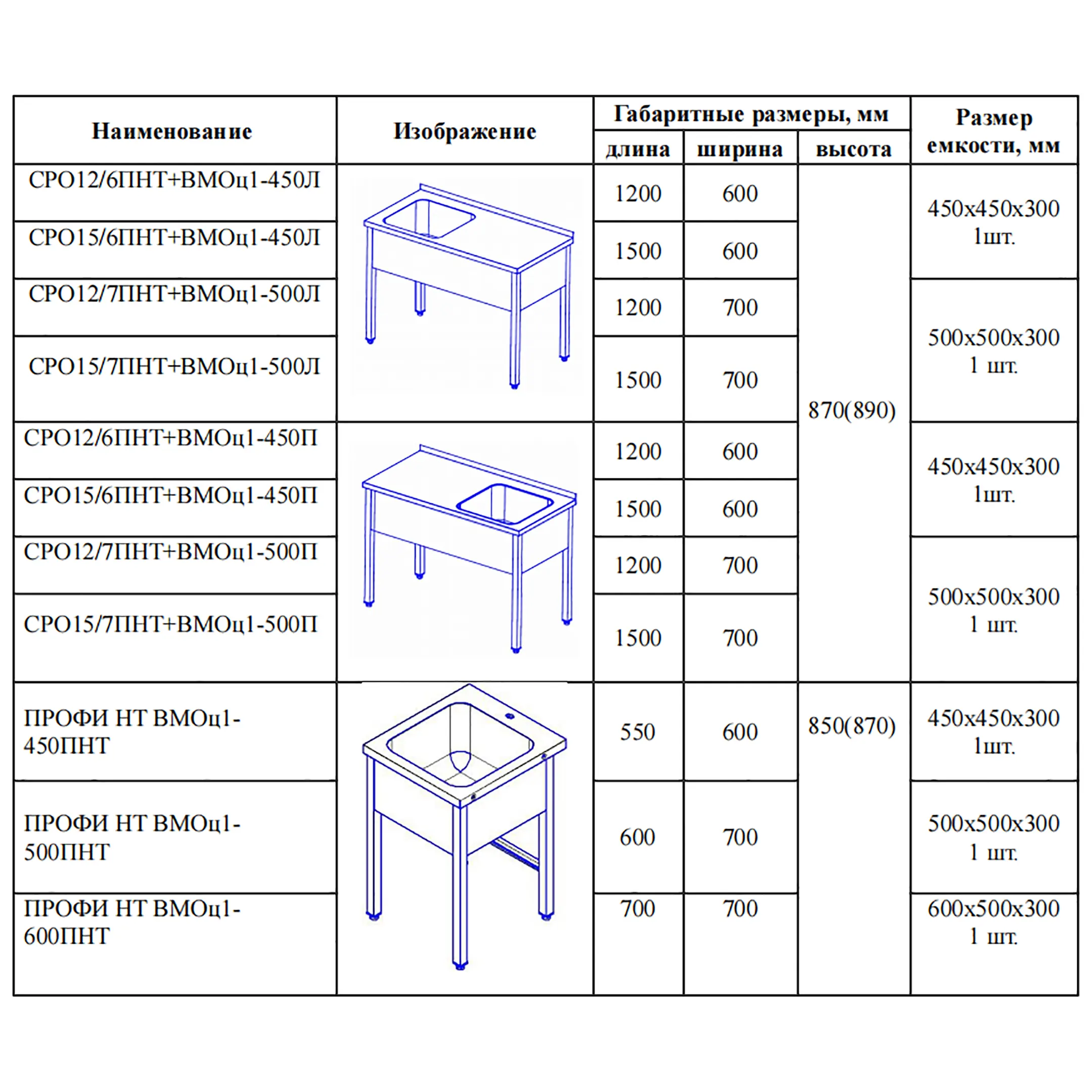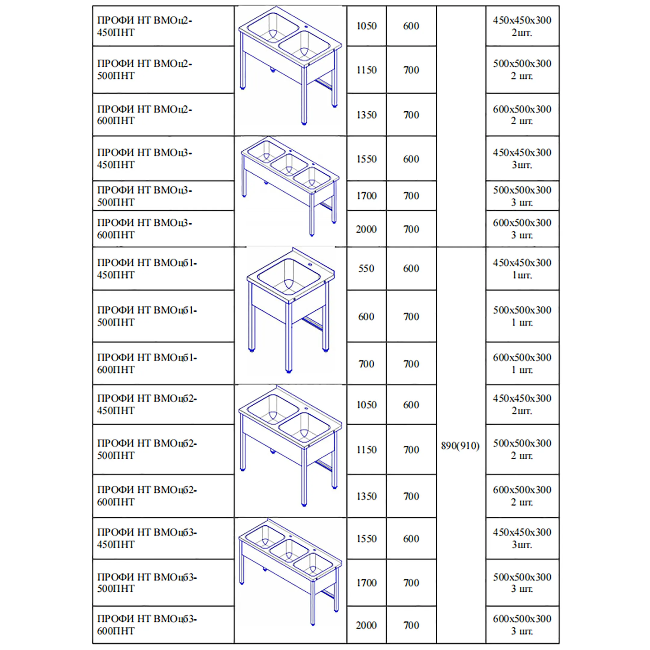Ванна моечная цельнотянутая ПРОФИ ВМОцб3-600ПНТ
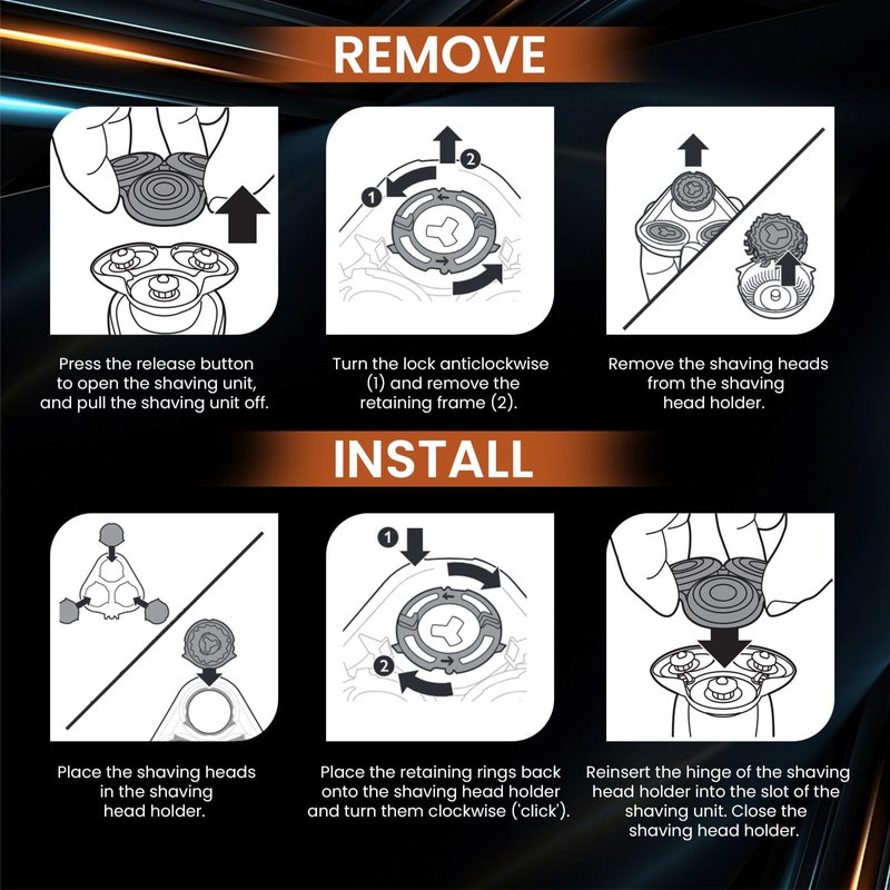 - ✅ 【Easy to Install】Replace the SH60 head in just a few minutes for a new head. After installation, apply a drop of oil on each nozzle and run for 10 seconds. It is recommended to replace your shaving head once every 12 months for maximum shaving performance.
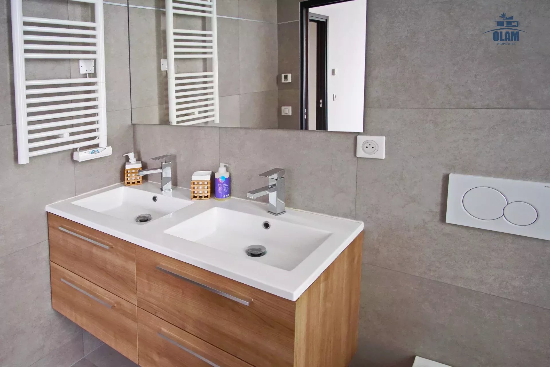 Il est composé de 2 chambres ayant chacune la possibilité de choisir (sur demande) 1 lit double ou 2 lits simples. Une des chambres dispose de sa salle de bain en suite (douche italienne, wc, sèche cheveux). 2e salle de bains privative disposant également d’une douche italienne, avec wc séparés.
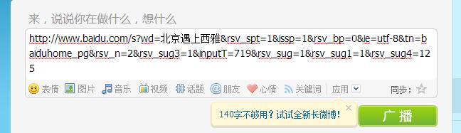 新浪短網(wǎng)址,主要是借助于新浪微博,如何實現(xiàn)呢,其實很簡單,在發(fā)布微博的消息框里面輸入我們要推廣的鏈接URL,如圖7,再點擊發(fā)布,就可以生成新浪短網(wǎng)址了,如圖8。
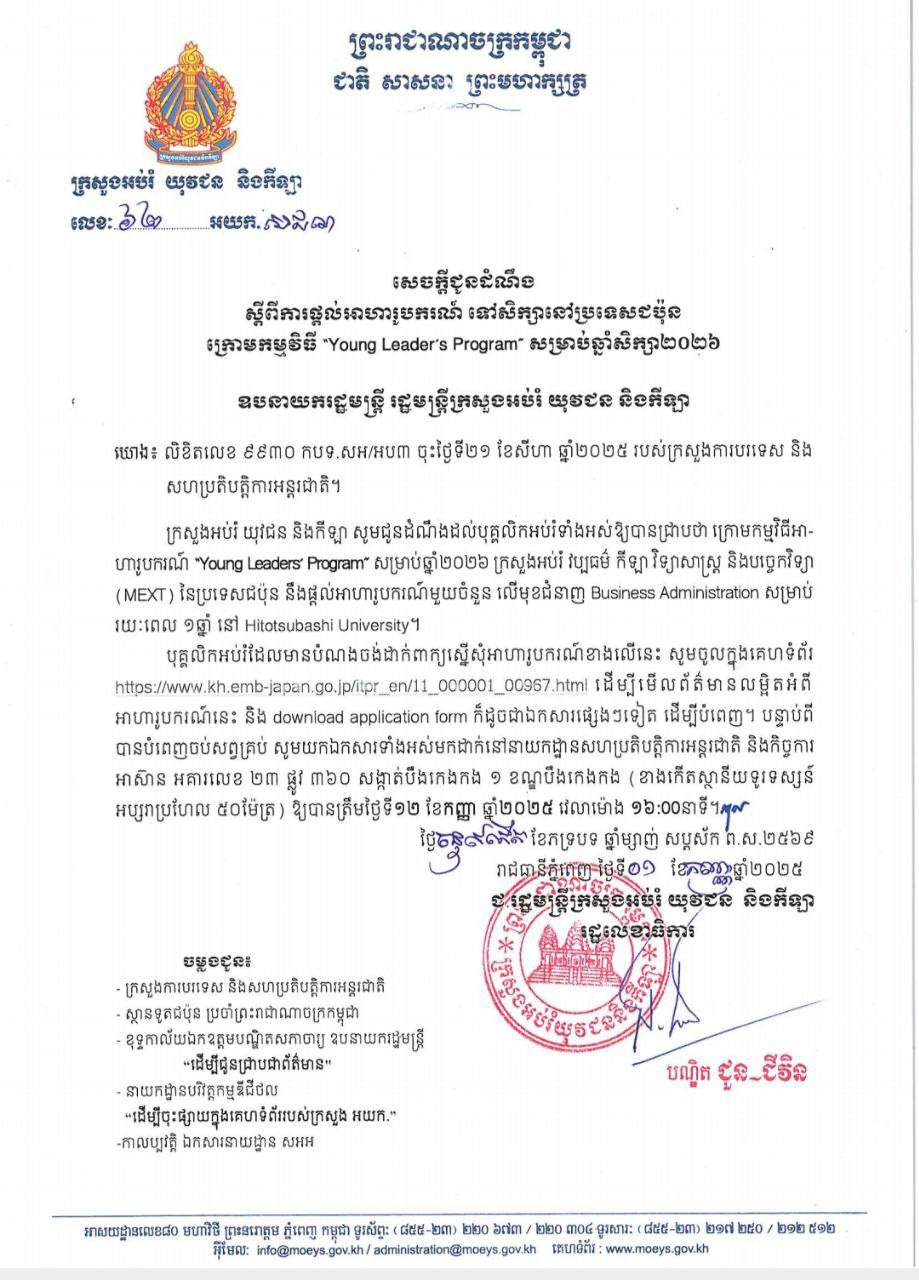 តាមសេចក្ដីជូនដំណឹងរបស់ ក្រសួងអប់រំ យុវជន និងកីឡា ជូនដំណឹងដល់បុគ្គលិកអប់រំទាំងអស់ឱ្យបានជ្រាបថា ក្រោមកម្មវិធីអា ហារូបករណ៍ ‹‹Young Leaders Program›› សម្រាប់ឆ្នាំ២០២៦ ក្រសួងអប់រំ វប្បធម៌ កីឡា វិទ្យាសាស្ត្រ និងបច្ចេកវិទ្យា (MEXT) នៃប្រទេសជប៉ុន នឹងផ្តល់អាហារូបករណ៍មួយចំនួន លើមុខជំនាញ Business Administration សម្រាប់ រយៈពេល ១ឆ្នាំ នៅ Hitotsubashi University។

Assigned task.
Starting at the first line of the material above and ending with the line that contains "Il est composé", reproduce every line exactly, and leave out the pictures.

Reply.
Ванна моечная цельнотянутая ПРОФИ ВМОцб3-600ПНТ
 - ✅ 【Easy to Install】Replace the SH60 head in just a few minutes for a new head. After installation, apply a drop of oil on each nozzle and run for 10 seconds. It is recommended to replace your shaving head once every 12 months for maximum shaving performance.
 Il est composé de 2 chambres ayant chacune la possibilité de choisir (sur demande) 1 lit double ou 2 lits simples. Une des chambres dispose de sa salle de bain en suite (douche italienne, wc, sèche cheveux). 2e salle de bains privative disposant également d’une douche italienne, avec wc séparés.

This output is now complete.